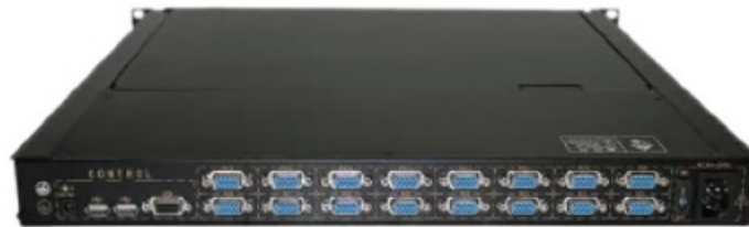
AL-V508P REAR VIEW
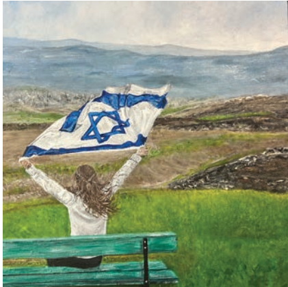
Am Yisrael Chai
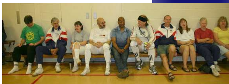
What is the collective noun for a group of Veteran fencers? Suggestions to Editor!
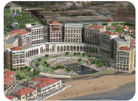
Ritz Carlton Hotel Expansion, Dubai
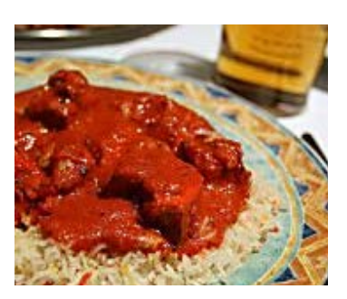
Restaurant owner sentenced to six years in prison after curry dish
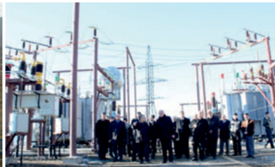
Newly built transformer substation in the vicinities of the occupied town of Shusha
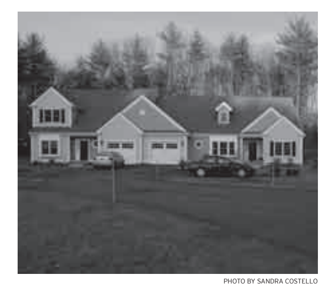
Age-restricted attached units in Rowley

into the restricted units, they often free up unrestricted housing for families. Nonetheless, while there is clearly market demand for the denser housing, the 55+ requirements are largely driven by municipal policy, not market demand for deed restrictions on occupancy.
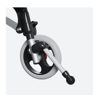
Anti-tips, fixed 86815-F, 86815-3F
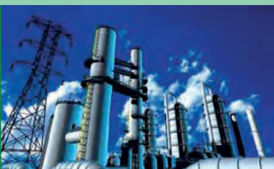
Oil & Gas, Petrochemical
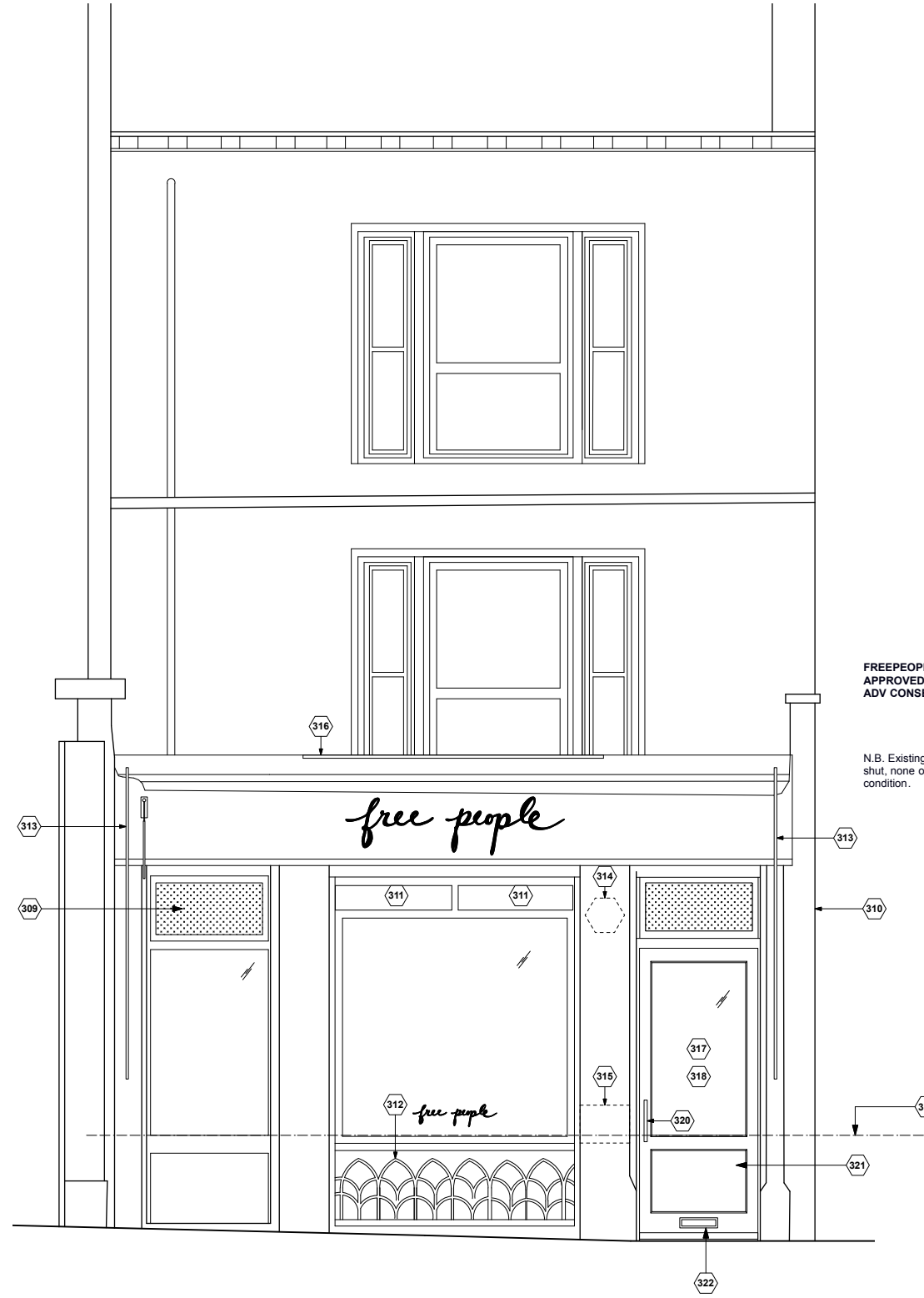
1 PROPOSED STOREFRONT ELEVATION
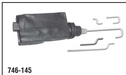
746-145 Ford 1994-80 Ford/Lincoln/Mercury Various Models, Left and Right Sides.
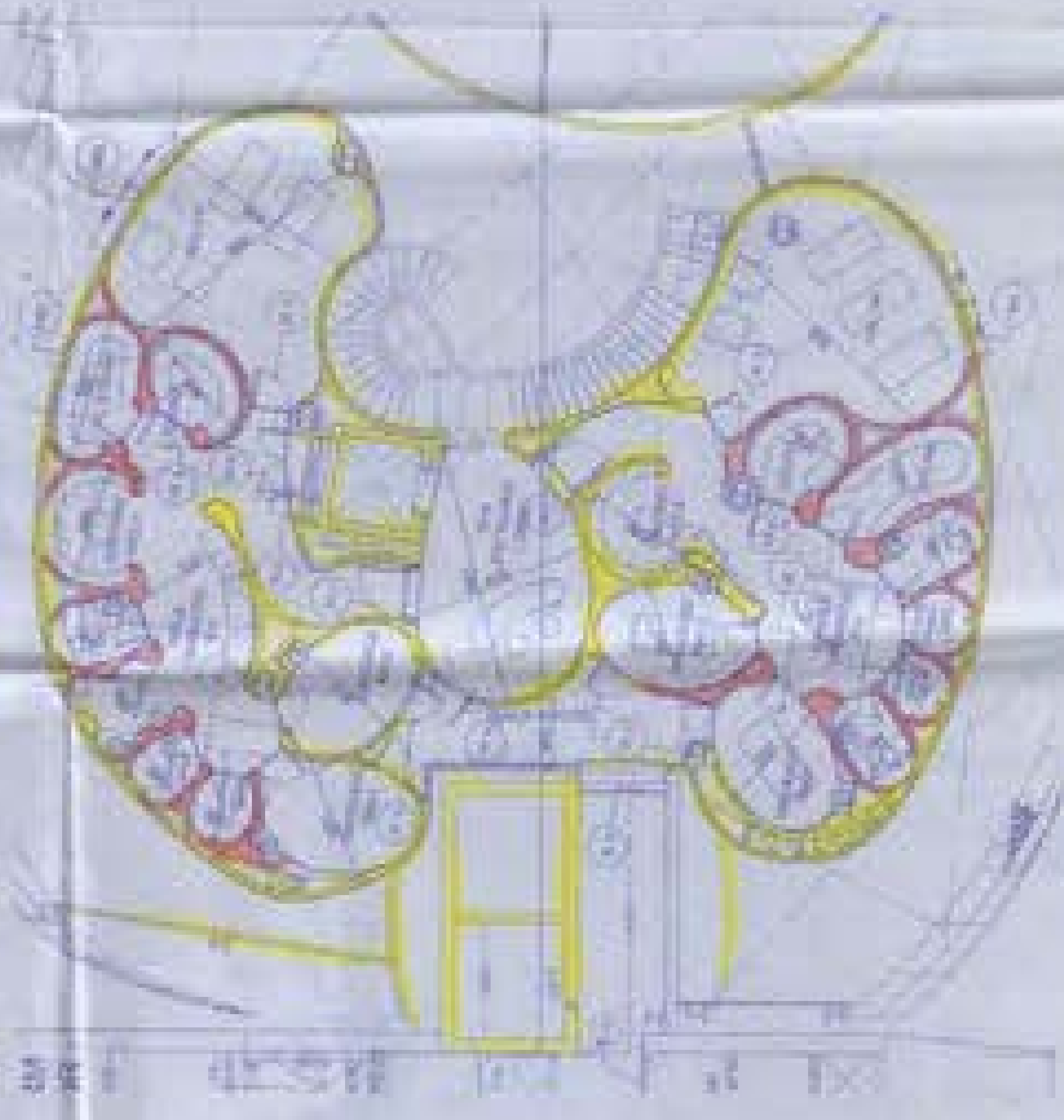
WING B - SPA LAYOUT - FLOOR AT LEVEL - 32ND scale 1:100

Task item: Each line holding the word "restricted" must be pulled from the records.

Response box:
Age-restricted attached units in Rowley
into the restricted units, they often free up unrestricted housing for families. Nonetheless, while there is clearly market demand for the denser housing, the 55+ requirements are largely driven by municipal policy, not market demand for deed restrictions on occupancy.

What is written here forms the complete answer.